=== Exercise ===
From the line containing "Suché zipy - kolečka" to the end of the data, retype every line exactly and nothing else. Drop the pictures.

=== Available records ===

◇ ◇ ◇

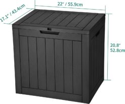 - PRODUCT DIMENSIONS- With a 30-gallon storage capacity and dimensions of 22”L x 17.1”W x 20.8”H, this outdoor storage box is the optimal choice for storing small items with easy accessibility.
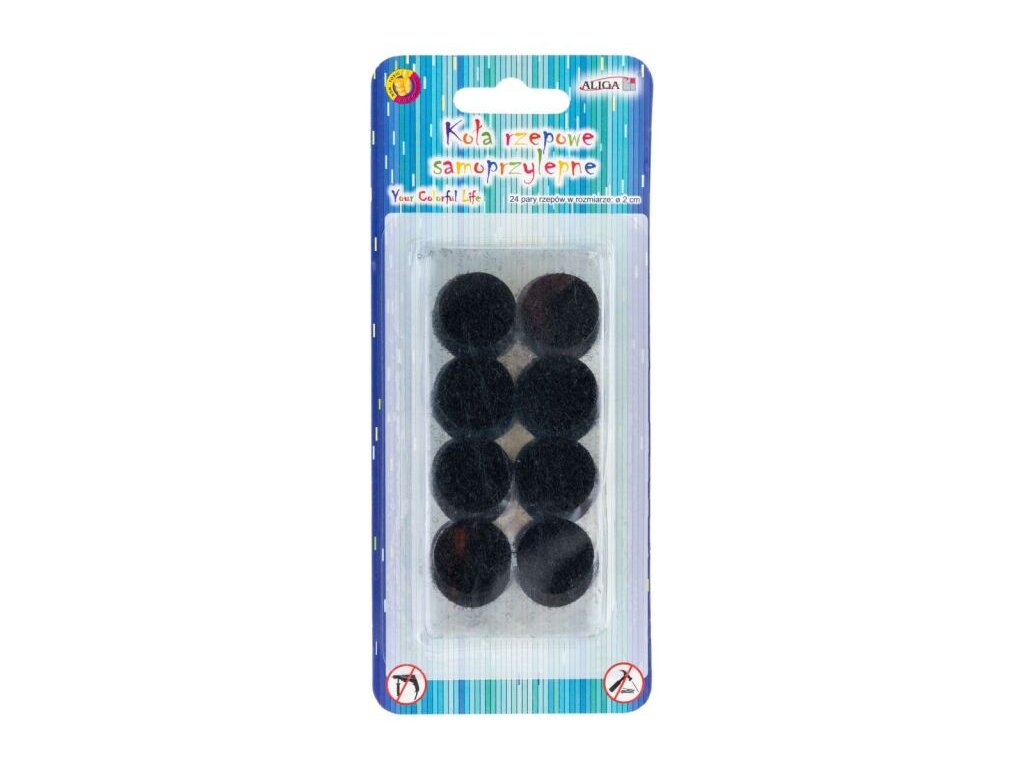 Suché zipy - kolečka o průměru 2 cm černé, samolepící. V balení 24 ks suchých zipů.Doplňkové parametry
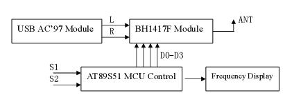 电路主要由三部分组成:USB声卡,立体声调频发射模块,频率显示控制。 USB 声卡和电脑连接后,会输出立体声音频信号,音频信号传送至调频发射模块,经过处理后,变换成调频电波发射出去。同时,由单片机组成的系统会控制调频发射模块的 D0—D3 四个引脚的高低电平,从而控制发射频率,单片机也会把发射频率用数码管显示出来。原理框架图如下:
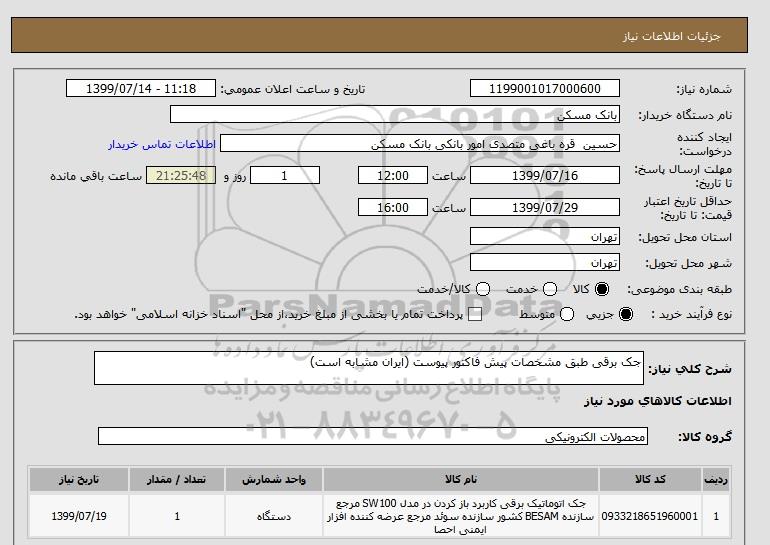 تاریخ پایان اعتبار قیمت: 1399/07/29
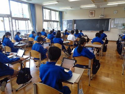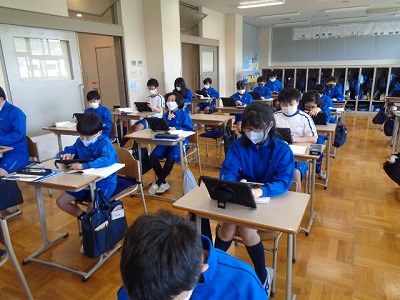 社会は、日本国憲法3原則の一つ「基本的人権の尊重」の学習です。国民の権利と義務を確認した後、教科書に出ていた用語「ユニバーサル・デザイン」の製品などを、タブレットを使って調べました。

◇ ◇ ◇

=== Response for this exercise ===
 Suché zipy - kolečka o průměru 2 cm černé, samolepící. V balení 24 ks suchých zipů.Doplňkové parametry
 电路主要由三部分组成:USB声卡,立体声调频发射模块,频率显示控制。 USB 声卡和电脑连接后,会输出立体声音频信号,音频信号传送至调频发射模块,经过处理后,变换成调频电波发射出去。同时,由单片机组成的系统会控制调频发射模块的 D0—D3 四个引脚的高低电平,从而控制发射频率,单片机也会把发射频率用数码管显示出来。原理框架图如下:
 تاریخ پایان اعتبار قیمت: 1399/07/29
 社会は、日本国憲法3原則の一つ「基本的人権の尊重」の学習です。国民の権利と義務を確認した後、教科書に出ていた用語「ユニバーサル・デザイン」の製品などを、タブレットを使って調べました。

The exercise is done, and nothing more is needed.